Published January 14, 2015
With a "Kerry-Edwards" placard in her lap, three Democratic Party pins on her jacket and a Louisiana delegation sign swaying above her head, Cynthia Morrell is the picture of Democratic unity. But don't get her started about the campaign's decision to pull ads from her state.
"A state like mine can't just be tossed away," she says from her front-row floor seat at the Democratic Convention. "We have a good chance of winning if they take us seriously."
Kerry has eliminated or reduced his ad campaign in Louisiana, Arkansas, Virginia, Missouri and other states to defend his political turf with money that would otherwise pour into Ohio, Florida and other tossup states.
But that strategy is constantly adjusted as political winds shift. Headed into the convention, Kerry and his advisers decided to shift money from some states to meet new needs in others, starting with an infusion for North Carolina.
Adding the state's senior senator, John Edwards (search), to the ticket put North Carolina in play for November, but there was no ad budget. Kerry re-routed $1.4 million to North Carolina for pre-convention ads, according to several officials familiar with his ad purchasing. They spoke on condition of anonymity because such details are usually tightly guarded to limit Bush's knowledge of Democratic strategy.
In addition, Kerry's polling showed that Bush was closer than Democrats would like him to be in Michigan and New Hampshire. The Great Lakes state got a $200,000 bump in ad spending. New Hampshire's ad budget is up $100,000 for July.

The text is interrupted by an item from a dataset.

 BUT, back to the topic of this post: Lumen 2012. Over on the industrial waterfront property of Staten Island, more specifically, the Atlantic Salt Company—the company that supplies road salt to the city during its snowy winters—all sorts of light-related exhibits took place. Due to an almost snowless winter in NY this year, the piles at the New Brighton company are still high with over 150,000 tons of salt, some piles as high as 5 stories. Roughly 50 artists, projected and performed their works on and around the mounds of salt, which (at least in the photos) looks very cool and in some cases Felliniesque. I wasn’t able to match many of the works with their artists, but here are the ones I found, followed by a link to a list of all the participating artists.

On the other hand, Kerry's polling showed Republican-leaning Colorado to be in better shape for Democrats than expected. Hoping to build momentum, Kerry increased his spending by $200,000 in Colorado.

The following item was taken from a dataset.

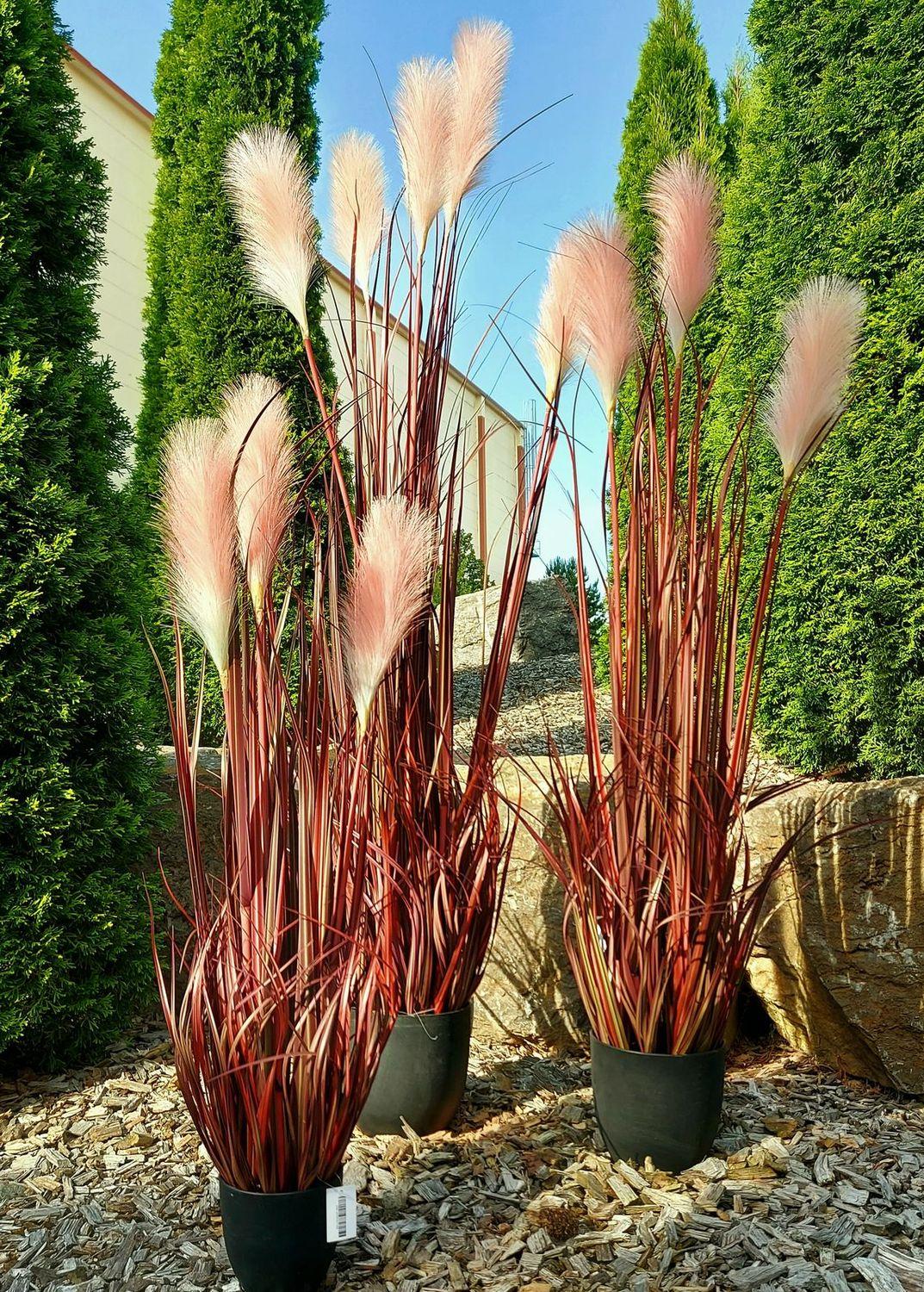 Herbe de la Pampa en plastique WERNHILD avec des panicules, en pot décoratif, rouge-brun, 150cm

All that money had to come from somewhere.
He saved more than $1 million by pulling ads from Louisiana and Arkansas, officials said. Ads are still airing in Virginia, but spending is down about $700,000. Missouri, a traditional battleground, lost about $500,000 in Kerry ads.
Since that decision, Kerry's advisers say they've been pleasantly surprised by his rebound in Missouri polls and may restore the ad budget — an example of how battleground strategies shift from week to week.

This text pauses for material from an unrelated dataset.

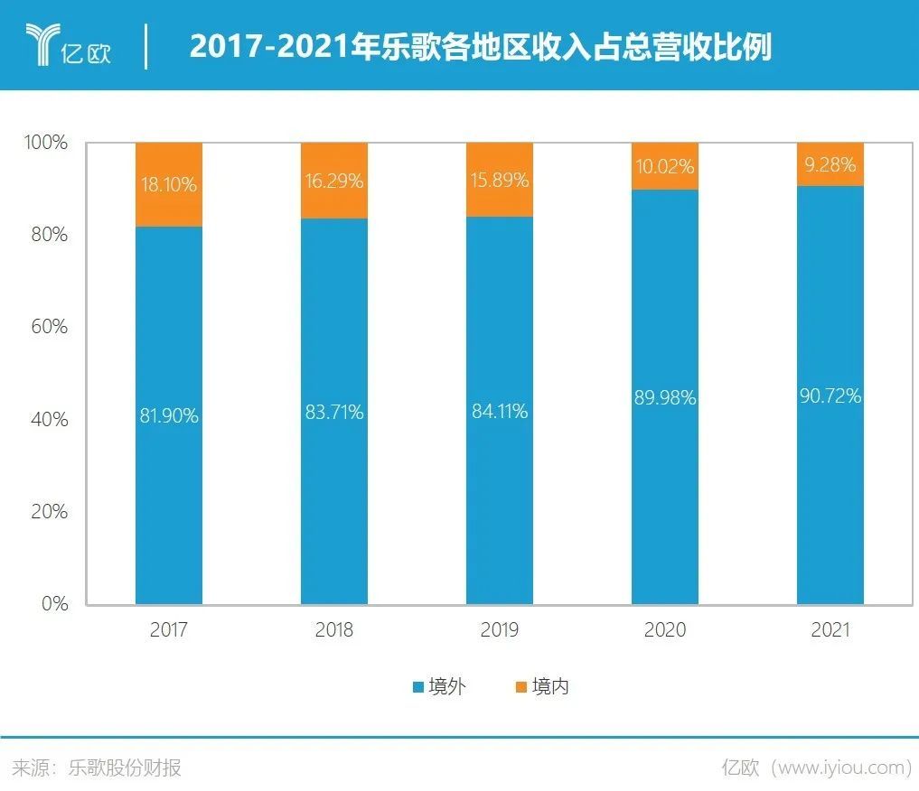 因为发力海外更早、转型较为成功,再加上重视海外仓和独立站建设,乐歌在亚马逊等跨境电商平台升降桌品类销量排名中长期位居第一。2021年,乐歌境外地区营收26.05亿元,占总营收比重的90.72%。

Kerry also reduced ad spending in Maine, Oregon and Minnesota. But those decisions were based on confidence rather than concern — internal polls gave Kerry reason to believe he was doing well enough against Bush to risk moving money away.
"This is an ever-shifting strategy," said Kerry spokeswoman Debra DeShong. "We will be up on the air in some places sometimes and not up in some places sometimes."
Gov. Mark Warner of Virginia said he has no problem with Kerry's strategy.
"The fact is the campaign is still in Virginia. Ads are still running. Heck, they're running more ads than Al Gore or anybody did in 2000," the governor said. "We may not be in the top 15 or 16 states" on Kerry's target list, "but we're in that second tier."
Kerry has visited Virginia seven times as a candidate, Arkansas six, Louisiana and Missouri five. He's not likely to abandon that investment this early, delegates said.
"It surprises me, stuns me" that Kerry pulled his ads, said Richard Lee of Louisiana. Moments later, the state party's executive director, Derek Wooley, pulled Lee aside and explained Kerry's strategy.
"The groundwork has been laid in Louisiana," Wooley assured Lee on the convention floor. "He wanted to spend more money in places that needed to know more about Edwards. He has not given up on Louisiana. Kerry will win our state."
Lee nodded his head.
Ben Jeffers, chairman of the state party in 2000, recalled with a grimace that Gore pulled out of Louisiana for good in September of 2000. He doesn't expect that to happen again, but won't take anything for granted.
"They say that they're going to keep targeting us," Jeffers said of the Kerry campaign. "But, yes, I'm staying on their case."